A Microbial Metabolite can Harm Dopaminergenic Neurons
The standard view of Parkinson's disease is that misfolding of α-synuclein occurs in the gut or brain, and then spreads in a prion-like manner to cause widespread dysfunction and cell death throughout the brain. The most vulnerable cells are dopaminergic neurons, and their destruction causes the most evident symptoms of the disease. Some people have a greater risk of Parkinson's disease than others. The most studied vulnerabilities are genetic variants that appear to make dopaminergic neurons even more vulnerable to stress. Environmental factors may also attack this population of neurons: here, researchers note that a soil bacteria sometimes found in the gut microbiome can produce a metabolite that is toxic to dopaminergic neurons.
The causes of nigrostriatal cell death in idiopathic Parkinson's disease are unknown, but exposure to toxic chemicals may play some role. We followed up here on suggestions that bacterial secondary metabolites might be selectively cytotoxic to dopaminergic neurons. Extracts from Streptomyces venezuelae were found to kill human dopaminergic neurons in vitro. Utilizing this model system as a bioassay, we identified a bacterial metabolite known as aerugine and confirmed this finding by chemical re-synthesis.

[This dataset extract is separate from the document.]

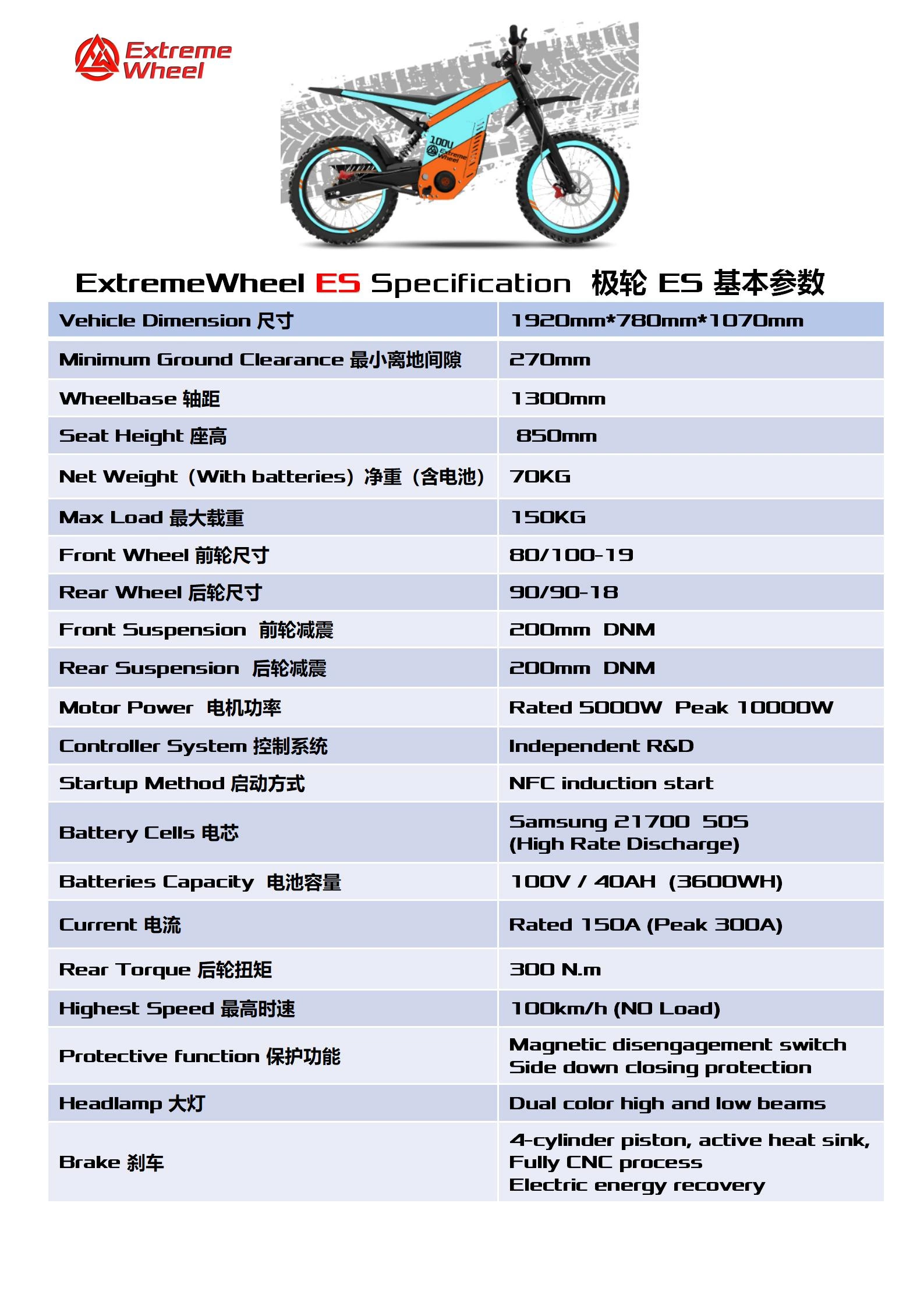 Pyörän 9 kW:n huipputehon ohjain hallitsee sähkömoottorin voimaa ja tarjoaa saumattoman tehonsiirron, joka takaa välittömän vasteen ja vaikuttavan väännön. Isot levyjarrut tarjoavat vahvan pysäytystehon, joka antaa sinulle itseluottamusta ylittää rajasi ja säilyttää samalla hallinnan. Begode Extreme Wheel ES -pyörässä on yhden napsautuksen kytkintoiminto, joka helpottaa siirtymistä eri ajotilojen ja tehoasetusten välillä ja mahdollistaa maastoon ja kuljettaja mieltymyksiin räätälöidyn ajamisen

This compound was previously shown to be a product of a wide-spread biosynthetic cluster also found in the human microbiome and in several pathogens. Aerugine triggered half-maximal dopaminergic neurotoxicity at 3-4 µM. It was less toxic for other neurons (10-20 µM), and non-toxic (at <100 µM) for common human cell lines. Neurotoxicity was completely prevented by several iron chelators, by distinct anti-oxidants and by a caspase inhibitor.
In the Caenorhabditis elegans model organism, general survival was not affected by aerugine concentrations up to 100 µM. When transgenic worms, expressing green fluorescent protein only in their dopamine neurons, were exposed to aerugine, specific neurodegeneration was observed. The toxicant also exerted functional dopaminergic toxicity in nematodes as determined by the "basal slowing response" assay.
Thus, our research has unveiled a bacterial metabolite with a remarkably selective toxicity toward human dopaminergic neurons in vitro and for the dopaminergic nervous system of Caenorhabditis elegans in vivo. These findings suggest that microbe-derived environmental chemicals should be further investigated for their role in the pathogenesis of Parkinson's disease.